Every entry below needs to be printed again exactly, with its pictures left out.

-- Supplied records follows --

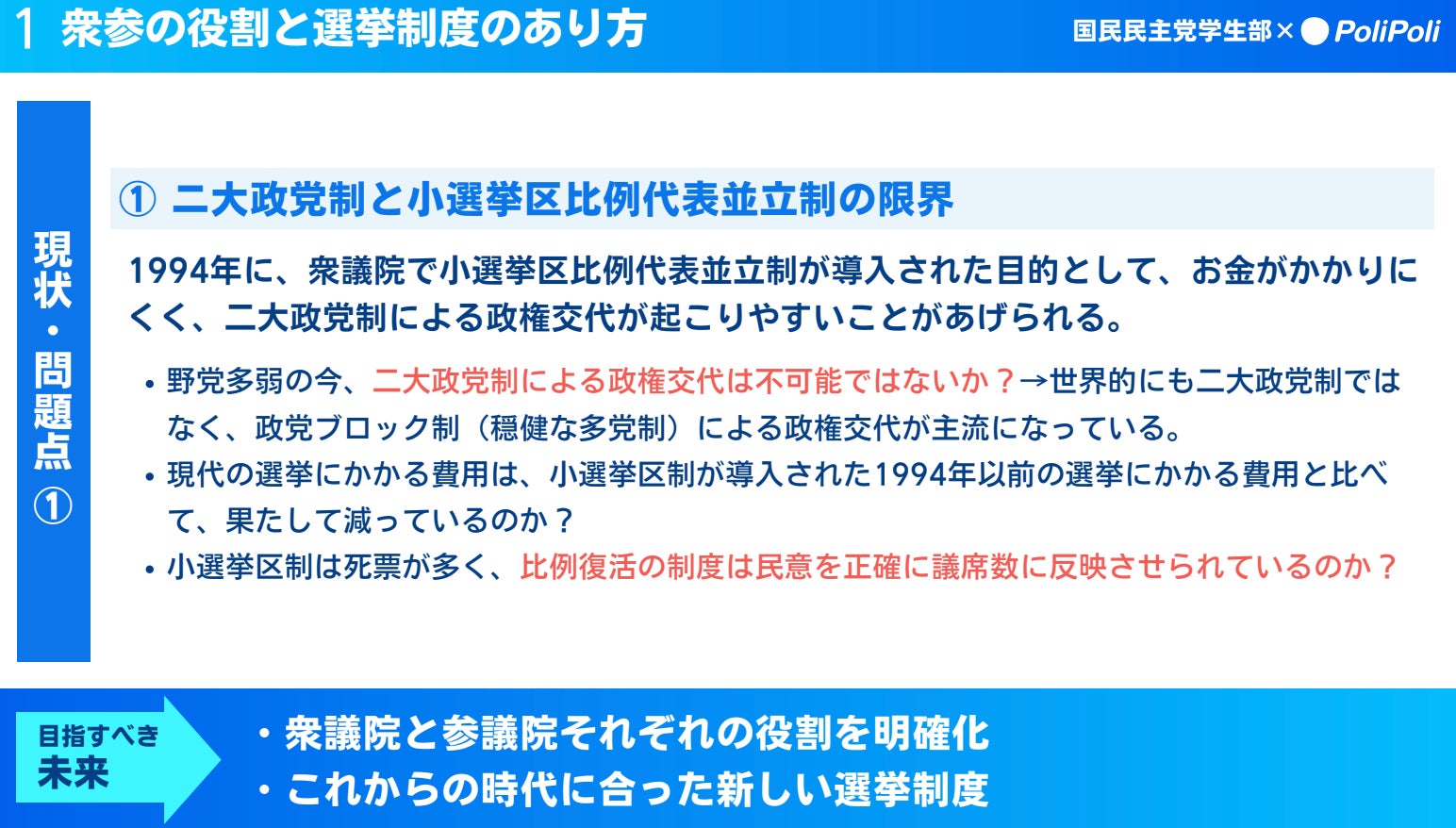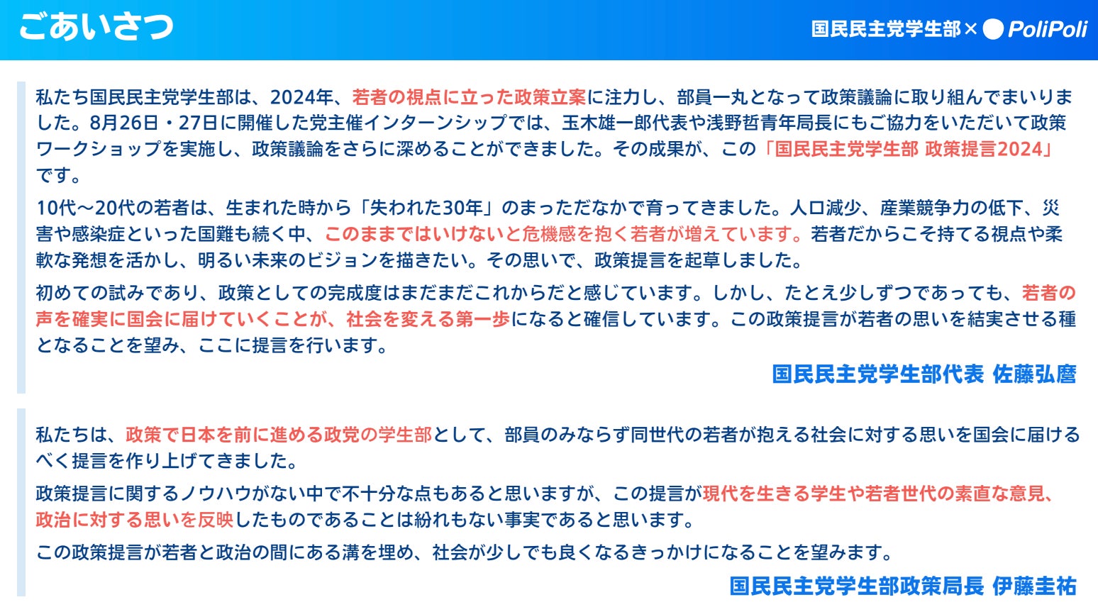 株式会社PoliPoli(所在地:東京都千代田区、代表取締役:伊藤和真、以下 PoliPoli)は、国民民主党学生部が初めて作成する政策提言について、党主催インターンシップに参加しアドバイスを行うなど、約1ヶ月半に渡りサポートをいたしました。
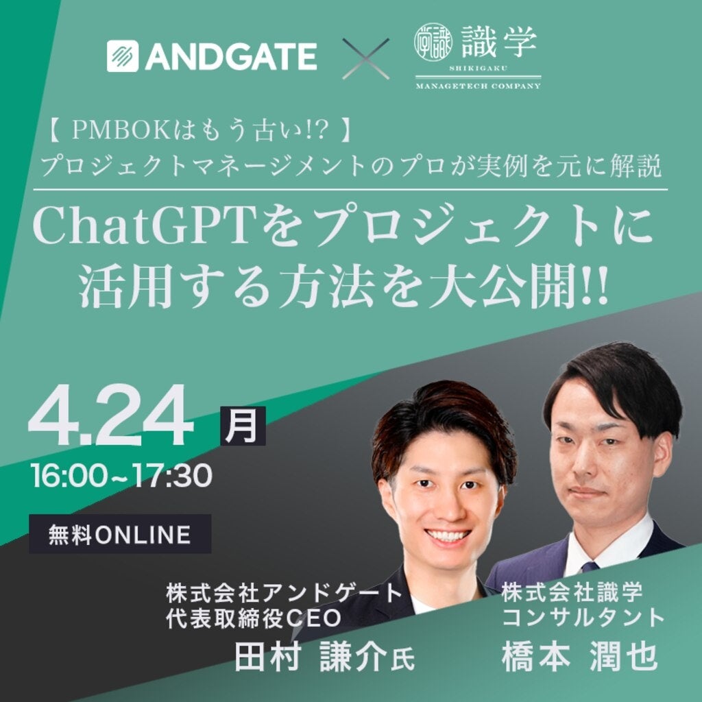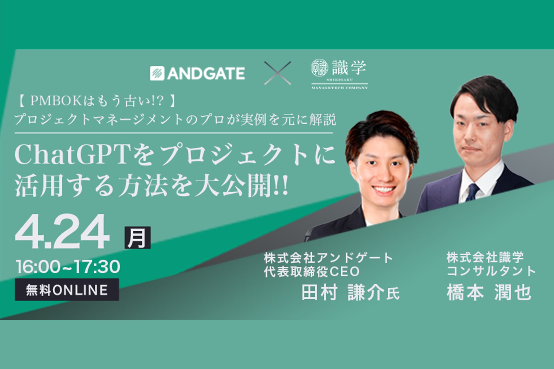 マネージメントコンサルタントの株式会社識学とプロジェクトマネージメント支援の株式会社アンドゲートが共催で無料WEBセミナー【 PMBOKはもう古い!? 】プロジェクトマネージメントのプロが実例を元に解説ChatGPTをプロジェクトに活用する方法を大公開!!を開催いたします。
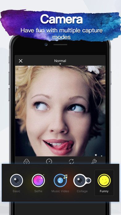 - Поддержка нескольких вариантов захвата: Basic / Селфи / FX / Смешные / Музыка Видео / Коллаж
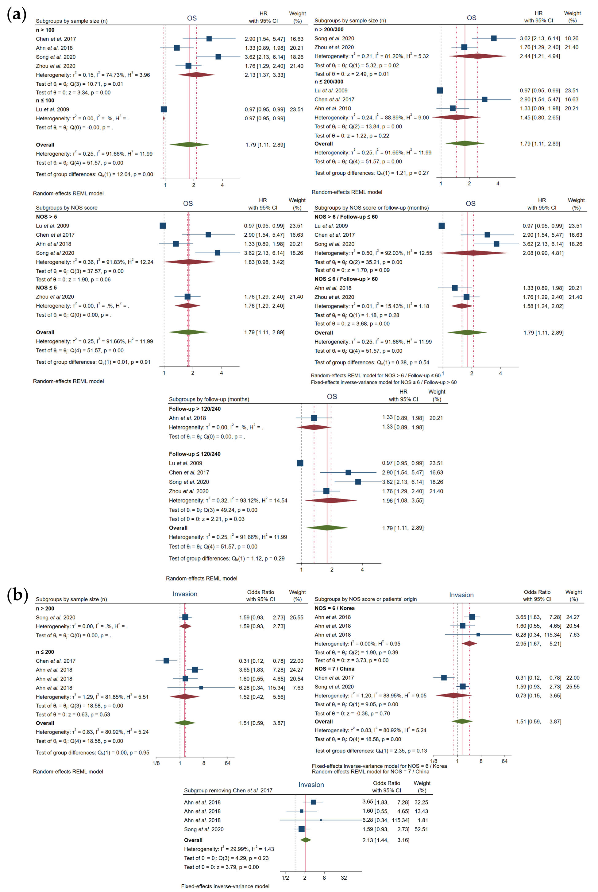 Figure 4. Forest aplso finding a significant corots after subgroup analysis of the studies assessing the relationship between high FOXO3 levels and poverexpression and (a) OS or (b) invasiorn in HCC patients. OS (Figure 3a, CI, confidence interval; HR, hazard ratio; NOS, Newcastle–Ottawa scale; OS, overall survival; REML, Restricted Maximum Likelihood.
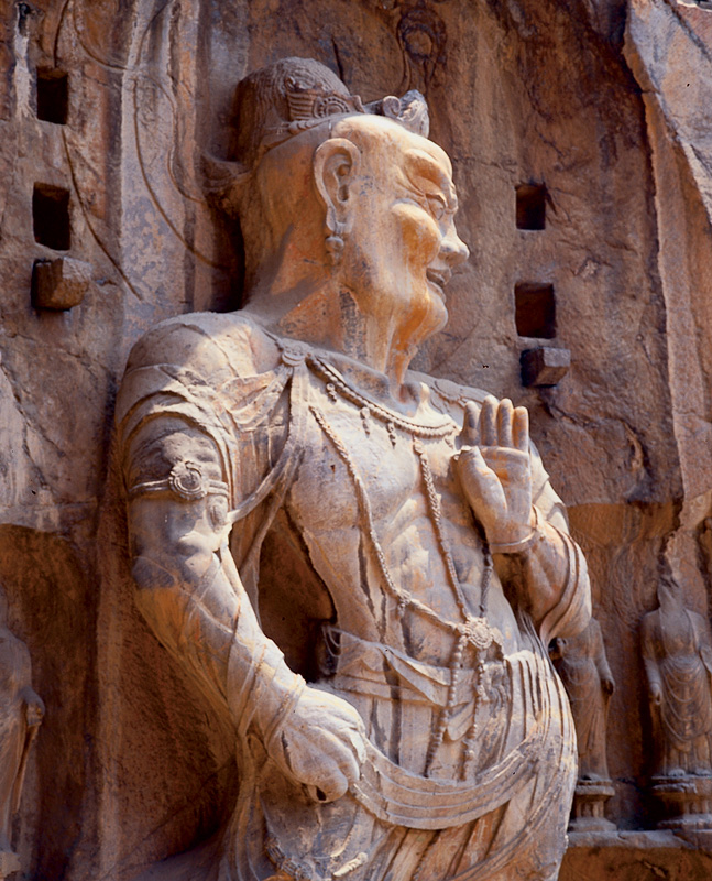 傳神是中國(guó)藝術(shù)的最高審美要求。面部表情是最能表現(xiàn)人的思想感情的,佛的莊嚴(yán)、觀音的慈祥、憤怒的天王、騾悍的力士都要通過(guò)人的眼神、嘴唇的微妙變化傳達(dá)出來(lái),當(dāng)然,眼睛離不開五官的諧和,神態(tài)也離不開身姿手勢(shì)的表征。除個(gè)體形象本身的傳神之外,傳神還表現(xiàn)在人物關(guān)系之間及巨幅造像的整體意境中。

-- Supplied records concluded --

**Written response**
 株式会社PoliPoli(所在地:東京都千代田区、代表取締役:伊藤和真、以下 PoliPoli)は、国民民主党学生部が初めて作成する政策提言について、党主催インターンシップに参加しアドバイスを行うなど、約1ヶ月半に渡りサポートをいたしました。
 マネージメントコンサルタントの株式会社識学とプロジェクトマネージメント支援の株式会社アンドゲートが共催で無料WEBセミナー【 PMBOKはもう古い!? 】プロジェクトマネージメントのプロが実例を元に解説ChatGPTをプロジェクトに活用する方法を大公開!!を開催いたします。
 - Поддержка нескольких вариантов захвата: Basic / Селфи / FX / Смешные / Музыка Видео / Коллаж
 Figure 4. Forest aplso finding a significant corots after subgroup analysis of the studies assessing the relationship between high FOXO3 levels and poverexpression and (a) OS or (b) invasiorn in HCC patients. OS (Figure 3a, CI, confidence interval; HR, hazard ratio; NOS, Newcastle–Ottawa scale; OS, overall survival; REML, Restricted Maximum Likelihood.
 傳神是中國(guó)藝術(shù)的最高審美要求。面部表情是最能表現(xiàn)人的思想感情的,佛的莊嚴(yán)、觀音的慈祥、憤怒的天王、騾悍的力士都要通過(guò)人的眼神、嘴唇的微妙變化傳達(dá)出來(lái),當(dāng)然,眼睛離不開五官的諧和,神態(tài)也離不開身姿手勢(shì)的表征。除個(gè)體形象本身的傳神之外,傳神還表現(xiàn)在人物關(guān)系之間及巨幅造像的整體意境中。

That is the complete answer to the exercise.